Let's now check the contents of that file:

$ cat awards_to_honor.csv
expense_amt,member_status
1245.33,gold_group
1300.49,gold_group

We can see the first line contains the HEADER (which are the column names) and both lines have the expense_amt and member_status data for both columns returned from the WHERE clause filter.

Another important caveat I discovered from executing the above COPY command.

The user must have privileges to write to the file at the OS level.

In my case, fixed with:

$ sudo chown postgres awards_to_honor.csv

You can avoid this issue by instead writing to a system file the current user has access to such as /tmp (shown below.)

trial=# COPY (SELECT expense_amt, member_status
FROM reward_members
WHERE member_status = 'gold_group')
TO '/tmp/awards_to_honor.csv'
DELIMITER ','
CSV HEADER;
COPY 2

However, one of my test roles without the SUPERUSER attribute, ran into problems writing to the /tmp file.

See below for confirmation:

trial=# SET role log_user; -- changing from postgres user to log_user
SET

Now attempting the same COPY command, writing to the /tmp folder

trial=> COPY (SELECT expense_amt, member_status
FROM reward_members
WHERE member_status = 'gold_group')
TO '/tmp/awards_to_honor2.csv'
DELIMITER ','
CSV HEADER;
ERROR: must be superuser to COPY to or from a file
HINT: Anyone can COPY to stdout or from stdin. psql's \copy command also works for anyone.

Perhaps a better measure, as suggested in the HINT:, for roles without the SUPERUSER attribute, is the psql \copy meta-command.

Let's carry-out a similar type of command with \copy instead using the same role, without the need for that SUPERUSER attribute.

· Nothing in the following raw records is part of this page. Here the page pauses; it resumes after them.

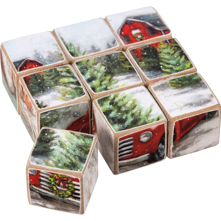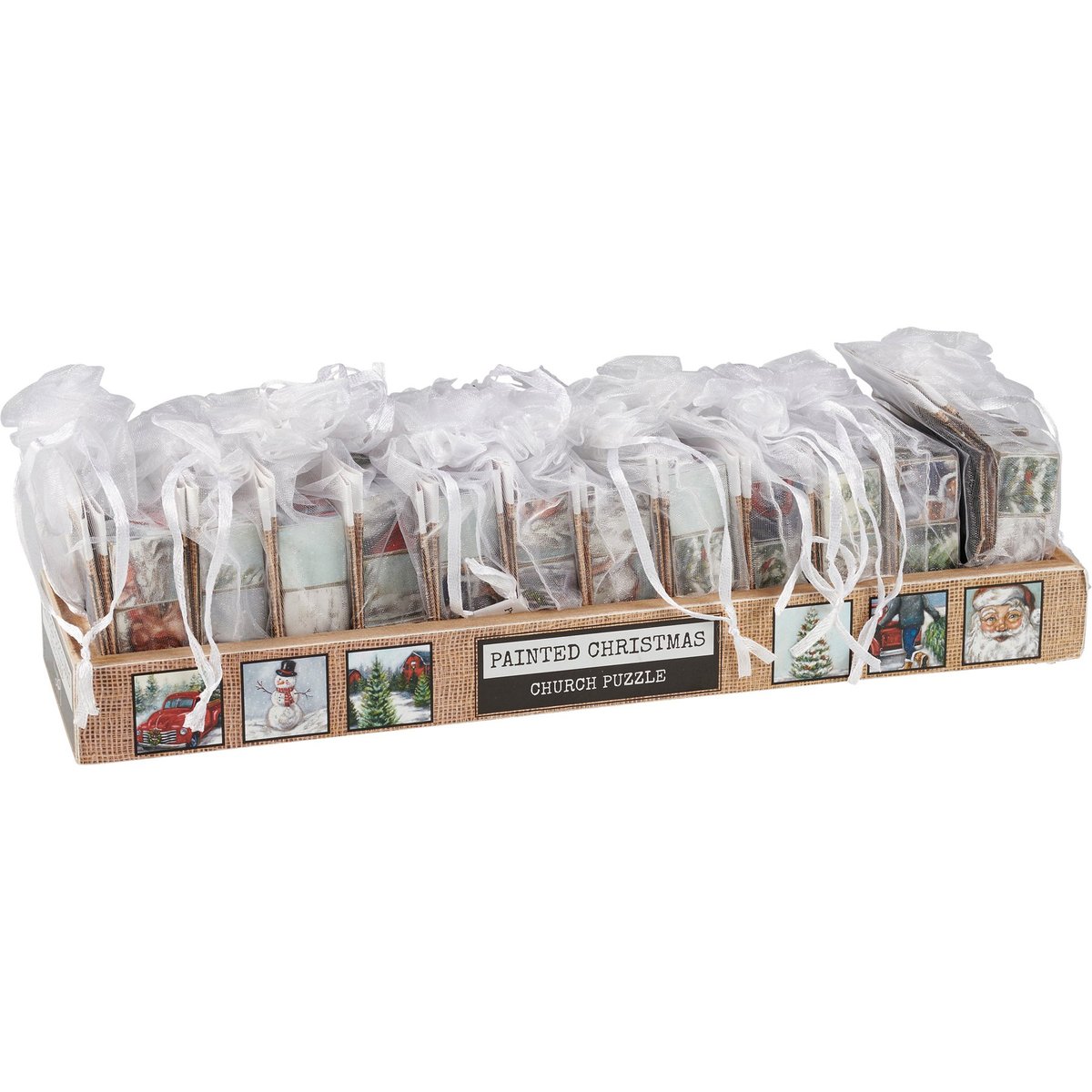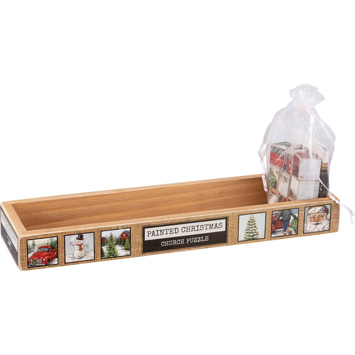 A wooden church puzzle six-in-one set. Each drawstring bag includes nine blocks printed with winter farm scene designs that create six different puzzles. Designs are replicated from original artwork painted onto burlap canvas, giving the art a unique depth and texture. Comes with coordinating display.
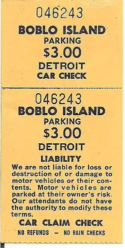 For more than 85 years, the park was serviced by SS Ste. Clair and SS Columbia. A 1910 advertisement in the Detroit Free Press offered a trip to Boblo Island.[7]
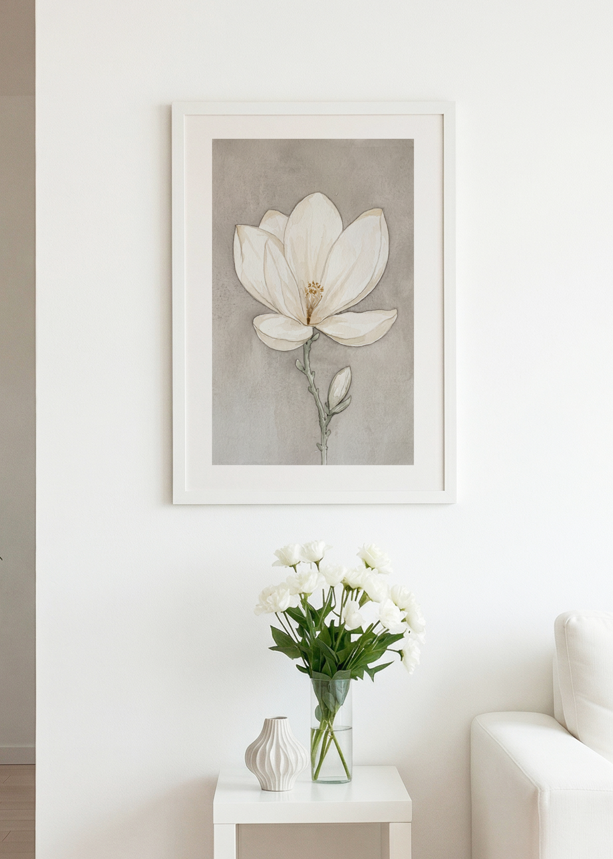 Vytvořte si doma oázu klidu s něžným plakátem z kolekce Esence květu. Nádherná akvarelová ilustrace velkého rozkvetlého květu v neutrálních zemitých a béžových tónech působí nesmírně harmonickým dojmem. Díky své jemné paletě barev se tento nadčasový květinový motiv dokonale hodí do interiérů v přírodním, boho nebo skandinávském stylu. Úžasně zútulní každou ložnici či obývací pokoj, a to ať už visí samostatně, nebo jako součást promyšlené obrazové stěny s dalšími plakáty z této vzdušné jarní série.

trial=> \copy (SELECT expense_amt, member_status
FROM reward_members
WHERE member_status = 'silver_group')
TO '/home/linux_user_here/more_awards.csv'
DELIMITER ','
CSV HEADER;
COPY 2

No problems there.

And the files' contents,

$ cat more_awards.csv
expense_amt,member_status
1001.55,silver_group
1097.99,silver_group

Also works for the /tmp folder:

trial=> \copy (SELECT expense_amt, member_status
FROM reward_members
WHERE member_status = 'silver_group')
TO '/tmp/more_awards.csv'
DELIMITER ','
CSV HEADER;
COPY 2

Same contents present in the written file as well:

trial=> \! cat /tmp/more_awards.csv
expense_amt,member_status
1001.55,silver_group
1097.99,silver_group

Why it matters?

Importing data into PostgreSQL via files is a surefire bulk upload method. Although all are not covered in this blog post, COPY and \copy both, offer several options for working with different file formats and extensions.

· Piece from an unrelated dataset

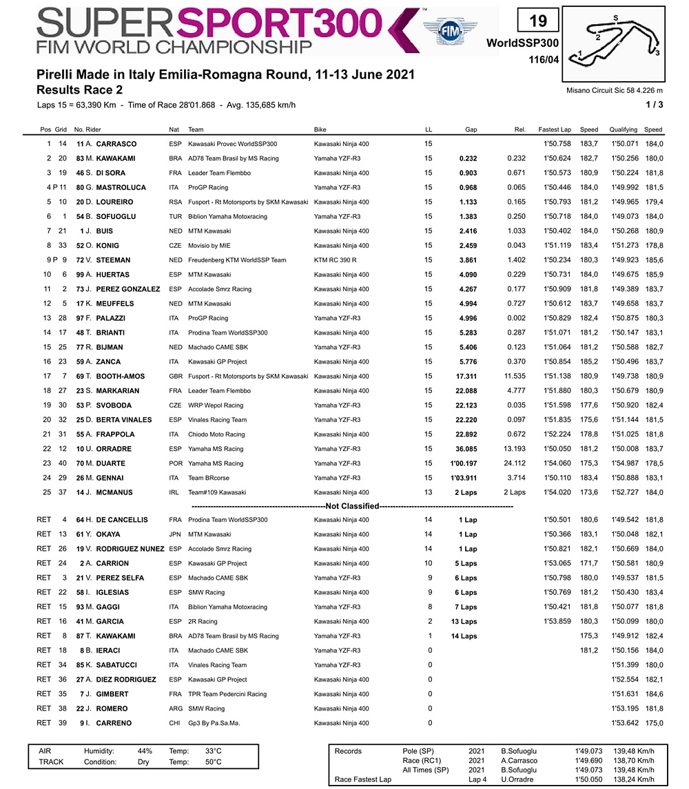 “Saya hanya ingin mengucapkan terima kasih kepada semua orang di tim, kepada Kawasaki, kepada sponsor saya, kepada keluarga saya karena mereka selalu mendukung saya. Kami harus terus bekerja untuk terus meningkatkan setiap balapan,” ucap juara dunia WSSP300 tahun 2018 itu.
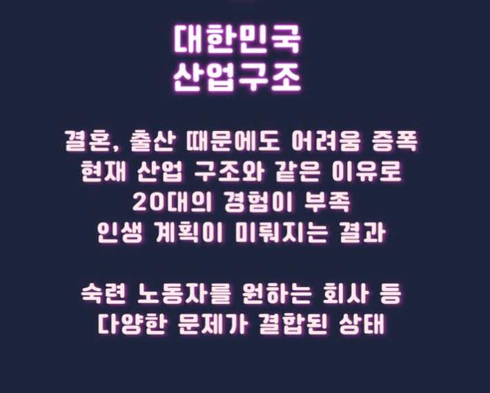 그리고 높은 스펙과 현실을 마주하여, 청년들의 눈은 높아져 있는 상태입니다. 대기업은 정말 소수에 불과하지만 명성이 보장된 곳이기에 많은 사람들이 노리고 있는 곳이죠. 대기업들은 고임금 부담이 가능하지만, 대부분 중소 제조업과 우리나라 서비스들은 고임금 부담이 안 되는 상황이기 때문입니다. 이에 따라 대기업에 몰리는 현상이 우리나라 산업 구조에서 대표적으로 보입니다.

On the same token, exporting data from tables, or specific columns is easily handled with both of these commands as well.

8. psql \help meta-command

You're in a psql command-line session. Curious about the CREATE INDEX command syntax?

No need and going to a browser or another document.

Try this instead:

trial=> \help CREATE INDEX
Command: CREATE INDEX
Description: define a new index
Syntax:
CREATE [ UNIQUE ] INDEX [ CONCURRENTLY ] [ [ IF NOT EXISTS ] name ] ON table_name [ USING method ]
( { column_name | ( expression ) } [ COLLATE collation ] [ opclass ] [ ASC | DESC ] [ NULLS { FIRST | LAST } ] [, ...] )
[ WITH ( storage_parameter = value [, ... ] ) ]
[ TABLESPACE tablespace_name ]
[ WHERE predicate ]

To know what help text is available, you can run \help by itself and get a list of available options.

I won't list them all out here, just know that option is available.

Why it matters?

The fact this meta-command is super easy to use, powerful, and convenient are enough pros to mention it here. It's saved me tons of time spent searching throughout other documentation. And of course, being a newbie, I use it quite often!

Conclusion

This is not an exhaustive list. Nor the 'be all end all' of queries and data manipulation.

Only my take on those that pique my interest and speak to me as I continue to learn and grow into a SQL Developer role. I hope through this blog post, you will find use cases for the above queries and commands, implementing those where you see fit.